日子从指缝间一溜而过,铺晒过庭院橘子树的橘皮,踩过晚秋的白霜,到了江南的腊月出头,天也渐凉。
容暮为逼迫自己出门,便给自己安排了每日去学堂查看的任务,否则这般天气,他定然日日窝在府上。
学堂今日的学童到了多少人,师长授业如何,可有再需查缺补漏之处,容暮细细着补之下,如今的学堂在陵岐郡里颇有名气。
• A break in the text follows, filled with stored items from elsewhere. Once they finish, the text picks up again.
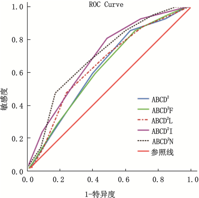 1.4 统计学方法全部数据采用SPSS 16.0进行分析,计量资料用均数±标准差(x±s)表示,ABCD2、ABCD2L、ABCD2I、ABCD2F、ABCD2N 5种评分方法的预测脑梗死价值比较采用ROC曲线分析,危险分层为高、中、低危组的TIA患者近期脑梗死发生率比较采用χ2检验,以P < 0.05为差异具有统计学意义。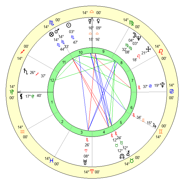 | Neptune | 3 Virgo 9 | 29 Pisces 52 | 2 Virgo 47 |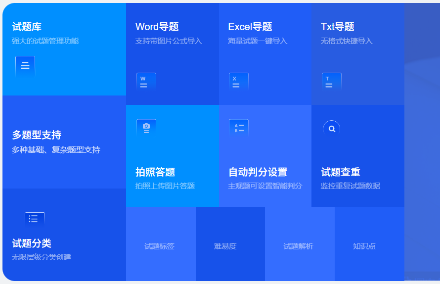 此外,考試云還支持題庫分類管理、標簽化檢索、難度分級設(shè)置,便于后續(xù)靈活組卷與數(shù)據(jù)分析。

已有不少百姓带着孩童言明,来年的春上自家孩子还要过来这头读书,而这次容暮带着何朝过去,赶巧就有几家百姓前来送孩童上学。
见容暮来,几家父母领着孩子过来唤了一声师长好。
容暮笑意融融。
等人都散尽了,容暮这才带着何朝去了里间。
白衣男子放下臂腕的大氅,踱步去查着账本子,用笔勾勒着名字,丝毫不避讳何朝的模样,甚至还给何朝甩了一册帐本子:“你且看看和学学。”
好不容易放纵自己一天不看书的何朝哑言:“我学?”
“先学着,日后我不在了,这些还是都要交由你去管着的。”
蓦然想起之前容暮和他谈及要离开的话题,何朝胸口堵了一口气,无奈接过了容暮递交到他手中的账册,认真翻阅起来。
二人处理起学堂的事来极快。
不到半个时辰,容暮就安排好了学堂今日的事项,但不等他带着何朝赶往市集采办,就见沈书墨身边的贴身随从急急忙忙赶了过来。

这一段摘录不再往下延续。